→ **DATA PROVIDED**:
□ □ □ □ □ □ □

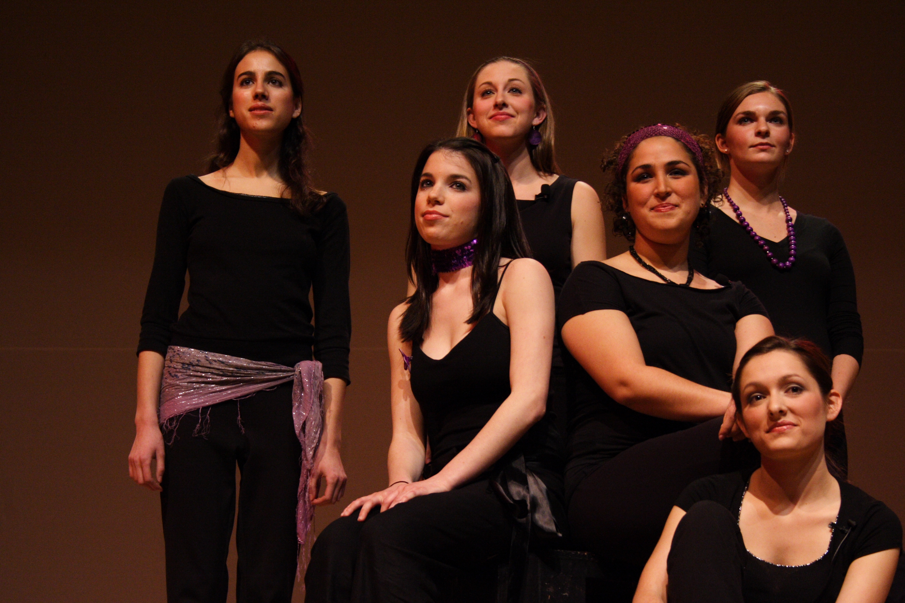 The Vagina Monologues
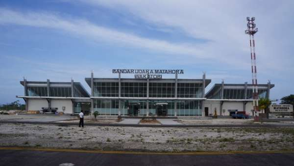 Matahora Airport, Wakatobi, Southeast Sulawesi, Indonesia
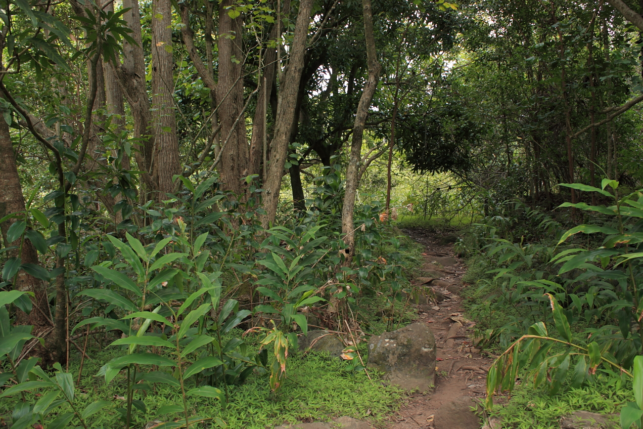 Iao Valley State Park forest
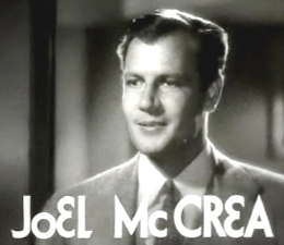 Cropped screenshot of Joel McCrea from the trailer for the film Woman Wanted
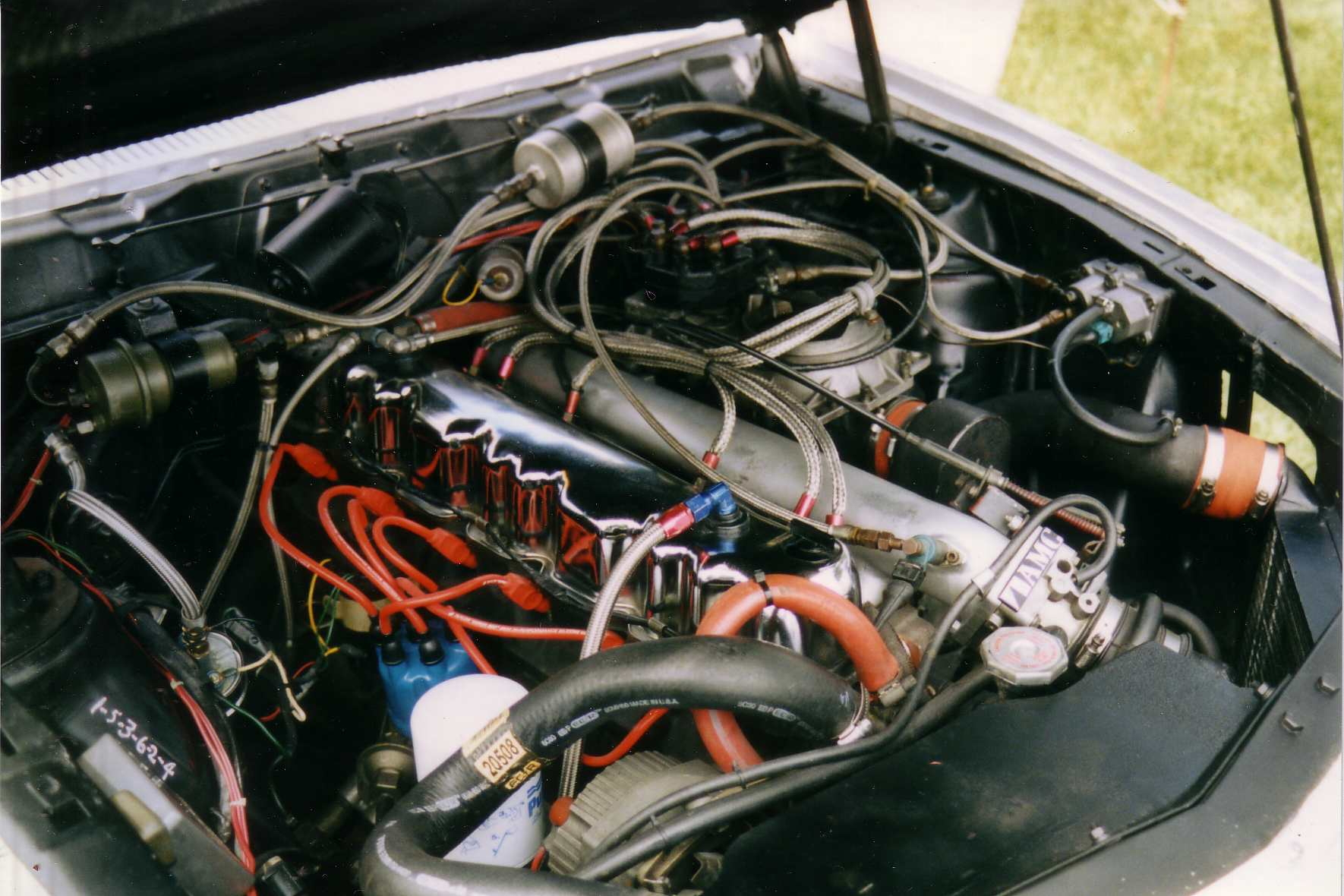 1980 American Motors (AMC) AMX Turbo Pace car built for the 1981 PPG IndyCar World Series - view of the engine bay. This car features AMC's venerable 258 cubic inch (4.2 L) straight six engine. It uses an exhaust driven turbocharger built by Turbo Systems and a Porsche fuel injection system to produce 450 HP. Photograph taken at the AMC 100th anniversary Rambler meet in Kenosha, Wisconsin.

□ □ □ □ □ □ □

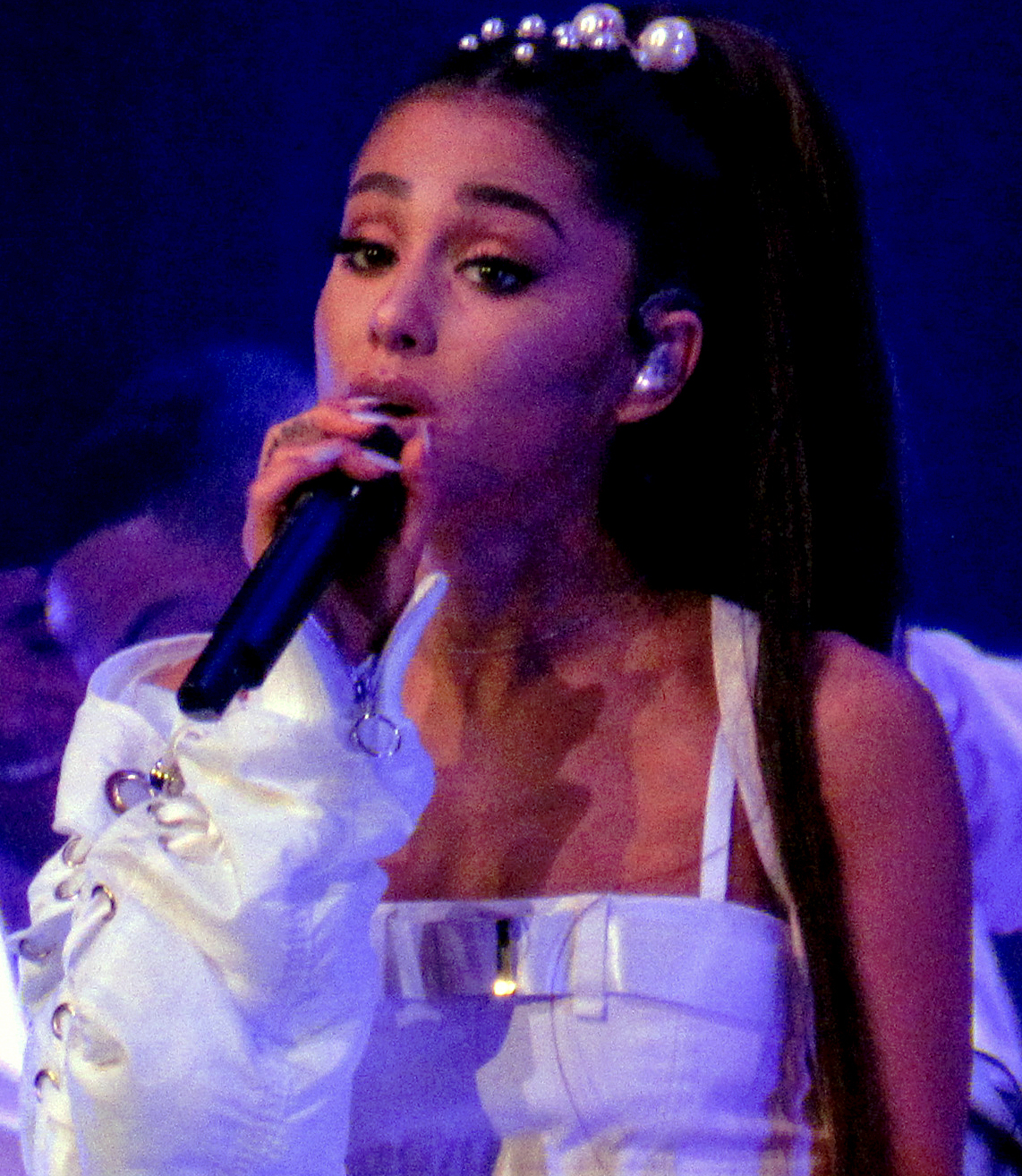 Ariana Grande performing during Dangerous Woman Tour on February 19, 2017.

□ □ □ □ □ □ □

→ **ABOUT THIS TASK**: Exactly the lines starting at the one above with "Iao Valley State Park forest" and ending at the one with "1980 American Motors" should be printed, and nothing else. Omit the pictures.

→ **WRITTEN SOLUTION**:
 Iao Valley State Park forest
 Cropped screenshot of Joel McCrea from the trailer for the film Woman Wanted
 1980 American Motors (AMC) AMX Turbo Pace car built for the 1981 PPG IndyCar World Series - view of the engine bay. This car features AMC's venerable 258 cubic inch (4.2 L) straight six engine. It uses an exhaust driven turbocharger built by Turbo Systems and a Porsche fuel injection system to produce 450 HP. Photograph taken at the AMC 100th anniversary Rambler meet in Kenosha, Wisconsin.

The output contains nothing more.